--- Data shown ---

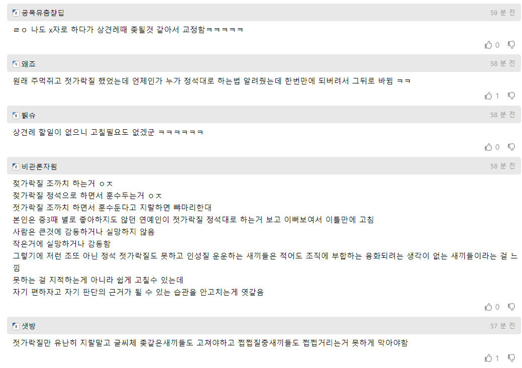 이를 본 온라인 커뮤니티 네티즌들은 “도대체 젓가락질을 어떻게 하든 무슨 상관이죠. 이런 거로 뭐라 하면 꼰대 소리 듣는 겁니다.”라는 반응을 보였다.
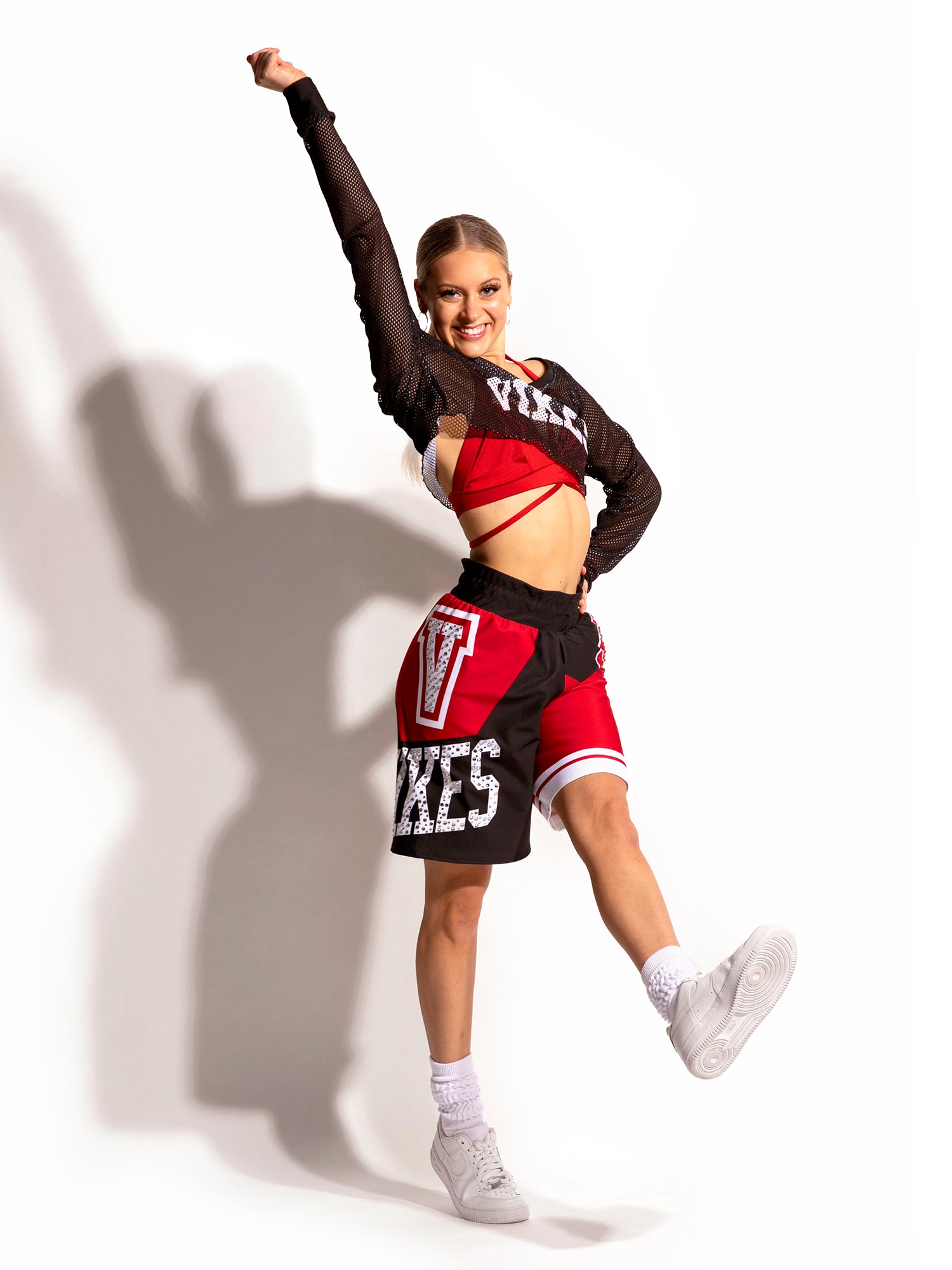 - Long sleeve pop mesh crop sweatshirt with lettering
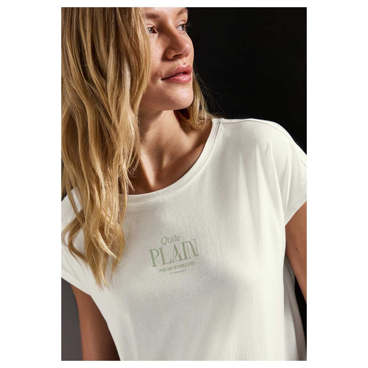 Damen T-Shirt Basic Partprint in Cremeweiß mit Print
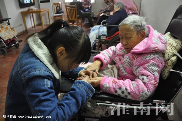 图:大学生志愿者为老人修剪指甲,聊天解忧。

---

Exercise: Without the pictures, give every line above again exactly.

Reply:
 이를 본 온라인 커뮤니티 네티즌들은 “도대체 젓가락질을 어떻게 하든 무슨 상관이죠. 이런 거로 뭐라 하면 꼰대 소리 듣는 겁니다.”라는 반응을 보였다.
 - Long sleeve pop mesh crop sweatshirt with lettering
 Damen T-Shirt Basic Partprint in Cremeweiß mit Print
 图:大学生志愿者为老人修剪指甲,聊天解忧。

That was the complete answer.